BRIEF: What is needed is an exact transcription of the line containing "渡(13画)真(10画)利(7画) 慶(15画)志(7画)朗(11画)" and every line after it through the end of the entries below, with no pictures.

**** SOURCE MATERIAL

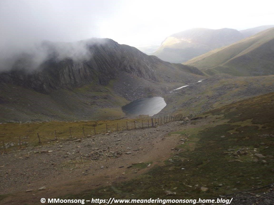Snowdon village could be seen below us at this point. We could also see the passage of time when we looked at the old quarry near it, which showed the sedentary rock blending into slate. Very colorful and interesting. As the train continued its journey upwards, we could also see the Hill of the Falcon in the distance – so called because it is the home of a large number of rare Peregrine Falcons, as well as Llydaw Lake, which is one of Snowdonia’s deepest lakes. Half-way up the mountain we stopped in order for the train to re-fill its tanks and for the tourists to have a cup of coffee at the halfway Café. It was really getting chilly at this point, and I bemoaned my fingerless gloves and thin hood, which weren’t nearly enough to protect me from the glacial climate. Beyond the coffee shop, we could see Glaslyn Lake, with its seemingly black and silent waters. I could very well understand how this strange place could inspire people to believe in the legend of the afanc, which is a water-monster who is thought to reside in it. Another legend relating to Snowdon Mountain relates how the giant Rhitta Gawr, who wore a cloak made out of men’s beards, was killed by King Arthur after trying to take his beard, and is buried at the top of Snowdon.
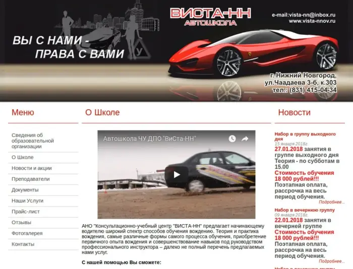 ЧАСТНОЕ УЧРЕЖДЕНИЕ ДОПОЛНИТЕЛЬНОГО ПРОФЕССИОНАЛЬНОГО ОБРАЗОВАНИЯ "ВиСта-НН" проводит обучение водителей категории "В" (легковой транспорт) и организует сдачу экзаменов в ГИБДД. Обучение проводится в течение 3 месяцев. За это время в полном объеме, в соответствии с требованиями ГИБДД, преподается теоретический и практический курсы. Обучение проводят опытные преподаватели с многолетним стажем работы. Умение управлять автомобилем и знание Правил дорожного движения откроет для Вас новый мир - мир без границ.
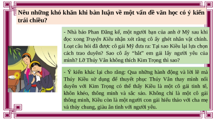 Nêu những khó khăn khi bàn luận về một vấn đề văn học có ý kiến trái chiều?
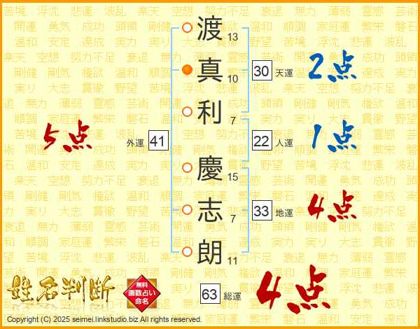 渡(13画)真(10画)利(7画) 慶(15画)志(7画)朗(11画)
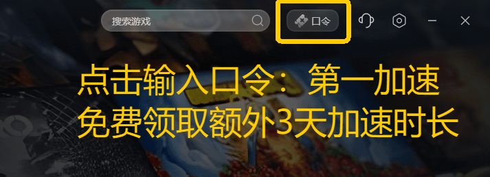 点击右上角【口令兑换】输入口令【第一加速】免费领取3天加速时长

********

FINISHED TASK:
 渡(13画)真(10画)利(7画) 慶(15画)志(7画)朗(11画)
 点击右上角【口令兑换】输入口令【第一加速】免费领取3天加速时长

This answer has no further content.